SCPCD Posted August 12, 2007 Report Share Posted August 12, 2007 This topic goal is to give informations about different timing acces for the blitter and to know more about blitter operating. First of all, the exemple code : move.l #PITCH1|PIXEL32|WID128|XADDPHR,d0 moveq #0,d1 move.l d0,A2_FLAGS move.l #source,A2_BASE move.l d1,A2_PIXEL move.l d1,A2_STEP move.l d0,A1_FLAGS move.l #destination,A1_BASE move.l d1,A1_PIXEL move.l d1,A1_FPIXEL move.l d1,A1_STEP move.l d1,A1_FSTEP move.l d1,A1_CLIP move.l d1,A1_INC move.l d1,A1_FINC move.l #$00010400,B_COUNT move.l #SRCEN|LFU_REPLACE,B_CMD configure the blitter in 32-bit by pixel and transfert in Phrase mode. Source & destination will be different for each case that are describe bellow. We blitt : $0001 * $0400 * 4 (because 32-bit pixel selected) = 4096bytes. SRCEN : activation of a source, and LFU_REPLACE for a simple data copy. all other blitter register are not used and initialised here to zero. The GPU->DRAM transfert in phrase mode : source : $F03000 (G_RAM) destination : somewhere into the DRAM (phrase aligned) Result : 11 cycles per phrase -> 4096*11/8 = 5632 cycles for 4K The DRAM->GPU transfert in phrase mode : source : somewhere into the DRAM (phrase aligned) destination : $F03000 (G_RAM) Result : 7 cycles per phrase -> 4096*7/8 = 3584 cycles for 4K The DRAM->GPU speed transfert in phrase mode : source : somewhere into the DRAM (phrase aligned) destination : $F03000+$8000 (G_RAM+$8000) Result : 5 cycles per phrase -> 4096*5/8 = 2560 cycles for 4K ----------------------------------------------- other information in the futur If you have a special timing to mesure, I can help Link to comment Share on other sites More sharing options...

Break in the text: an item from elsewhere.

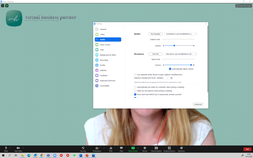 Soms heb je storende achtergrondgeluiden. Denk aan spelende kinderen of verkeerslawaai. Deze kunnen afleiden tijdens je meeting. Met deze functie kan je deze achtergrondgeluiden dempen.

SebRmv Posted August 13, 2007 Report Share Posted August 13, 2007 interesting! and what about the pixel mode? in phrase mode, is it the same result if using 8 bpp, 16 bpp or 32 bpp? Link to comment Share on other sites More sharing options...
SCPCD Posted August 13, 2007 Author Report Share Posted August 13, 2007 I will try soon Link to comment Share on other sites More sharing options...

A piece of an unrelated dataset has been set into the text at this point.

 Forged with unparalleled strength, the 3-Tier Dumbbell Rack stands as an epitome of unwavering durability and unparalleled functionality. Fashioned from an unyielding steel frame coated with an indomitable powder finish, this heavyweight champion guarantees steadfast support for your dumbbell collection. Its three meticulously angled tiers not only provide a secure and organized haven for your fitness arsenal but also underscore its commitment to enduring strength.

SCPCD Posted August 15, 2007 Author Report Share Posted August 15, 2007 interesting! and what about the pixel mode? in pixel mode we have same cycle time but insteed of a phrase it's a pixel size that is transfered : - in PIXEL1 there is 64 DRAM read - in PIXEL2 there is 32 DRAM read - in PIXEL4 there is 16 DRAM read - in PIXEL8 there is 8 DRAM read - in PIXEL16 there is 4 DRAM read - in PIXEL32 there is 2 DRAM read the number of cycle for each read/write is exactly the same as before depending of the source & destination. So for PIXEL16 in pixel mode, this is 4 times slower than in phrase mode. in phrase mode, is it the same result if using 8 bpp, 16 bpp or 32 bpp? yes it's exactly the same result. (I haven't verified that datas are correct for less than 32bpp mode from & to the GPU) Link to comment Share on other sites More sharing options...

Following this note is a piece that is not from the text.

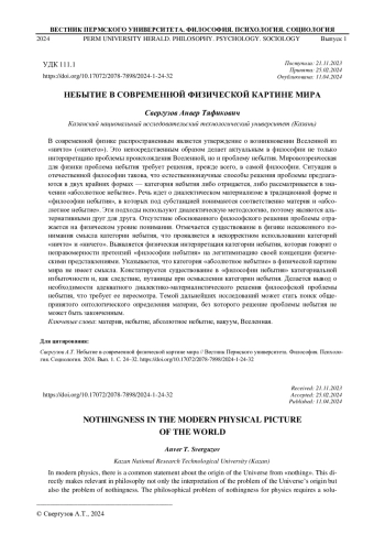 В современной физике распространенным является утверждение о возникновении Вселенной из «ничто» («ничего»). Это непосредственным образом делает актуальным в философии не только интерпретацию проблемы происхождения Вселенной, но и проблему небытия. Мировоззренческая для физики проблема небытия требует решения, прежде всего, в самой философии. Ситуация в отечественной философии такова, что естественнонаучные способы решения проблемы предлагаются в двух крайних формах - категория небытия либо отрицается, либо рассматривается в значении «абсолютное небытие». Речь идет о диалектическом материализме в традиционной форме и «философии небытия», в которых под субстанцией понимаются соответственно материя и «абсолютное небытие». Эти подходы используют диалектическую методологию, поэтому являются альтернативными друг для друга. Отсутствие обоснованного философского решения проблемы отражается на физическом уровне понимания. Отмечается существование в физике искаженного понимания смысла категории небытия, что проявляется в некорректном использовании категорий «ничто» и «ничего». Выявляется физическая интерпретация категории небытия, которая говорит о неправомерности претензий «философии небытия» на легитимизацию своей концепции физическими представлениями. Указывается, что категория «абсолютное небытие» в физической картине мира не имеет смысла. Констатируется существование в «философии небытия» категориальной избыточности и, как следствие, путаницы при осмыслении категории небытия. Делается вывод о необходимости адекватного диалектико-материалистического решения философской проблемы небытия, что требует ее пересмотра. Темой дальнейших исследований может стать поиск общепринятого онтологического определения материи, без которого решение проблемы небытия не может быть законченным.

Symmetry of TNG Posted August 18, 2007 Report Share Posted August 18, 2007 Nice!... =) So.. you are saying that its slower to copy data FROM gpu mem 2 dram (5632) than it is to copy TO gou mem(3584)? Any ideas why? I dont realy understand that from a logical point of view.. ? ..does the DRAM timings differ in read vs write? ...sram should have same read & write time right? ..how about dram? or is it an OP stall, page miss on writes to dram or what? why is it slower to copy TO dram than it is to copy from it? What are the GPU dooing in your example code? ...Im just curious because I have always wondered what happens when you start a GPU->dram blitt and continue running GPU code afterwards... I mean logically someone would have to halt to give the blitter acceess to gpumem right?... ie a gpu2-dram blitt would halt gpu exec and parallelism would be lost, or? Can this be verified with your LA? ....ie faster blitts from gpumem if gpu is turned off. (or perhapps its just a stall issue, once the blitt start it finishes in same time?!) Its nice to see that the +$8000 is realy faster, because in my experiments (iirc the tunnel code) It had no effect at all.. not something that could be seen in fps count anyway.. (or "raster bar timings", they were same size). Last question: When i did my own timing test of the memory (simple color "rasters" on screen) the DRAM->DRAM blitt code was As Fast as anything that had to do with the GPU memory!... I assume src&desr was within the same Page in dram hence the speed.. But it would be nice to se such a timing... ie blitter phrase blitt of dram->dram, preferabely within the same page. ...well offcourse it would be nice to see what happens if blitt crosses page boundary so there will be a page miss on each phrase.. (then perhapps we will se my point on why cleverly written GPU sdram code would be faster than the "running from main ram" thingy.. Perhapps this is because dram->dram will be true 64bits, while dram->gpumem would have to be 2*32bits.. Ie keeping the page boundaries in mind when you design your code will give you the ultimate power of the jaguar!. sorry for all question, but timing issues are interesting from an optimisation point of view Nice work! cheers /Sym Link to comment Share on other sites More sharing options...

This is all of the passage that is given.